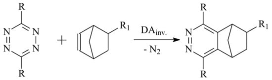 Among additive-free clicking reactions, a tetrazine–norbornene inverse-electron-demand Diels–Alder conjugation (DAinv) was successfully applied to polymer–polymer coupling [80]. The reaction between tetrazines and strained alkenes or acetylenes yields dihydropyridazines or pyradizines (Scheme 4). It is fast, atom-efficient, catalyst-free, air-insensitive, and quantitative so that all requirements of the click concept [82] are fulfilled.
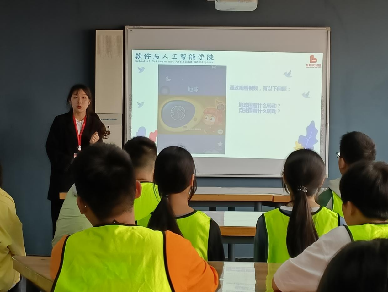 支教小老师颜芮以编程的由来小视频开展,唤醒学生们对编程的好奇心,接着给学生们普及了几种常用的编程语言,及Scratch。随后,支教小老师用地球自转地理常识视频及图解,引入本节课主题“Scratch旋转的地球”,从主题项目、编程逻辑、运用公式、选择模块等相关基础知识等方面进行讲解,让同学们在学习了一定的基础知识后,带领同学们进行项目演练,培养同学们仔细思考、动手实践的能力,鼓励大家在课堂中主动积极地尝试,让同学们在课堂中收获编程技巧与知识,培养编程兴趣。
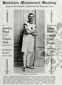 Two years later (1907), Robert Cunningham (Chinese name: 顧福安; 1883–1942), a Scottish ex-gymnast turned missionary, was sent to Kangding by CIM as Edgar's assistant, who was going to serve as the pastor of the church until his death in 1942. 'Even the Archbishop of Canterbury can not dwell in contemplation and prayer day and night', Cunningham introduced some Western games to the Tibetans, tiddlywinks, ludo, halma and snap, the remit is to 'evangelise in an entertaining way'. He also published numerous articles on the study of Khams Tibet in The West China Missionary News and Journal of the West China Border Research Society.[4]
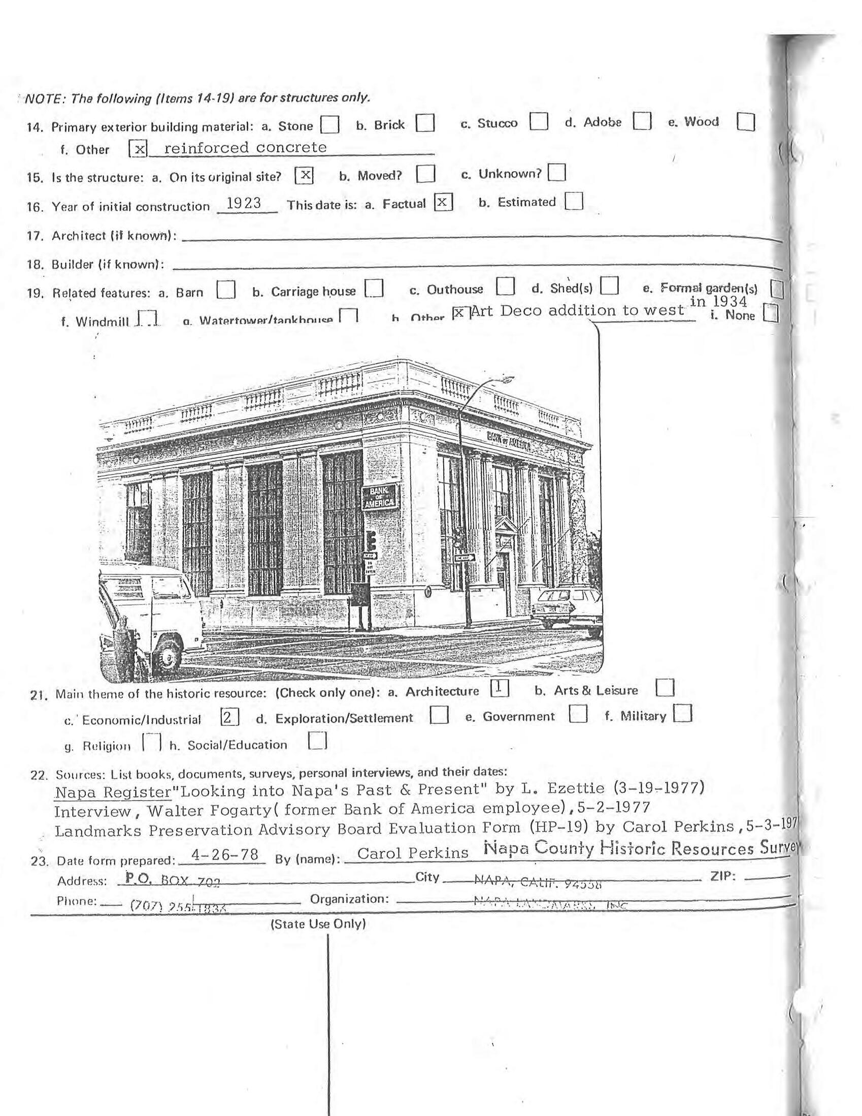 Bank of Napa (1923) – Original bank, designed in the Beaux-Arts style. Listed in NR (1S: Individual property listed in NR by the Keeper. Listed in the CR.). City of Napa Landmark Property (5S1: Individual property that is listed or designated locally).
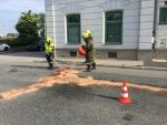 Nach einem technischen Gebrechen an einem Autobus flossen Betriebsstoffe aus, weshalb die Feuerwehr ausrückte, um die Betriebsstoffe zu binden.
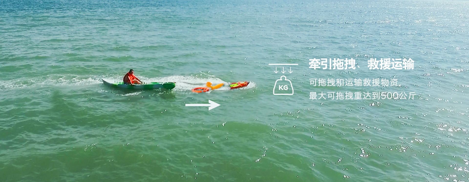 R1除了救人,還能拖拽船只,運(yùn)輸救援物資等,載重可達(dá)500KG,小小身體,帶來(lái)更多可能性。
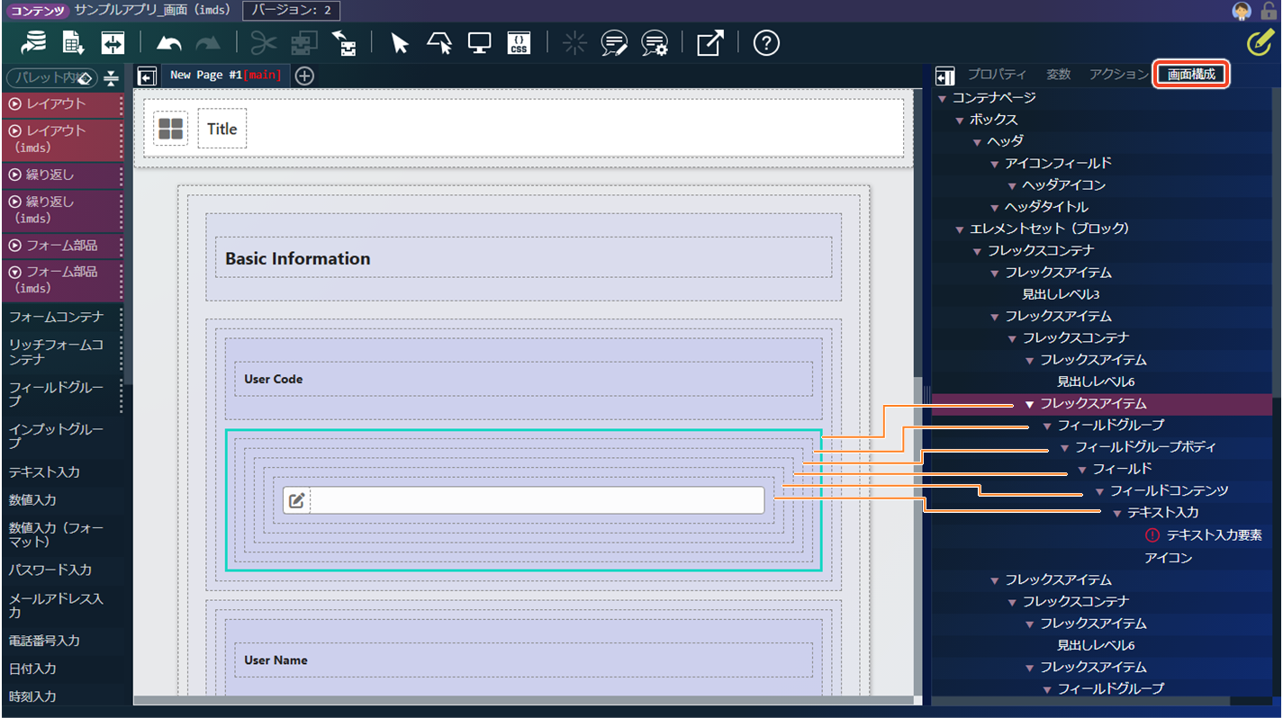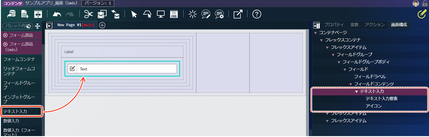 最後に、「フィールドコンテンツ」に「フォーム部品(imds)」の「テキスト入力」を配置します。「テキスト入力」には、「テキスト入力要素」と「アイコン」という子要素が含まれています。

**********

> **WHAT THIS TASK INVOLVES**
Leave the pictures out and reproduce exactly the lines from the top of the listing above through the line with "Two years later".

> **SOLUTION**
 Among additive-free clicking reactions, a tetrazine–norbornene inverse-electron-demand Diels–Alder conjugation (DAinv) was successfully applied to polymer–polymer coupling [80]. The reaction between tetrazines and strained alkenes or acetylenes yields dihydropyridazines or pyradizines (Scheme 4). It is fast, atom-efficient, catalyst-free, air-insensitive, and quantitative so that all requirements of the click concept [82] are fulfilled.
 支教小老师颜芮以编程的由来小视频开展,唤醒学生们对编程的好奇心,接着给学生们普及了几种常用的编程语言,及Scratch。随后,支教小老师用地球自转地理常识视频及图解,引入本节课主题“Scratch旋转的地球”,从主题项目、编程逻辑、运用公式、选择模块等相关基础知识等方面进行讲解,让同学们在学习了一定的基础知识后,带领同学们进行项目演练,培养同学们仔细思考、动手实践的能力,鼓励大家在课堂中主动积极地尝试,让同学们在课堂中收获编程技巧与知识,培养编程兴趣。
 Two years later (1907), Robert Cunningham (Chinese name: 顧福安; 1883–1942), a Scottish ex-gymnast turned missionary, was sent to Kangding by CIM as Edgar's assistant, who was going to serve as the pastor of the church until his death in 1942. 'Even the Archbishop of Canterbury can not dwell in contemplation and prayer day and night', Cunningham introduced some Western games to the Tibetans, tiddlywinks, ludo, halma and snap, the remit is to 'evangelise in an entertaining way'. He also published numerous articles on the study of Khams Tibet in The West China Missionary News and Journal of the West China Border Research Society.[4]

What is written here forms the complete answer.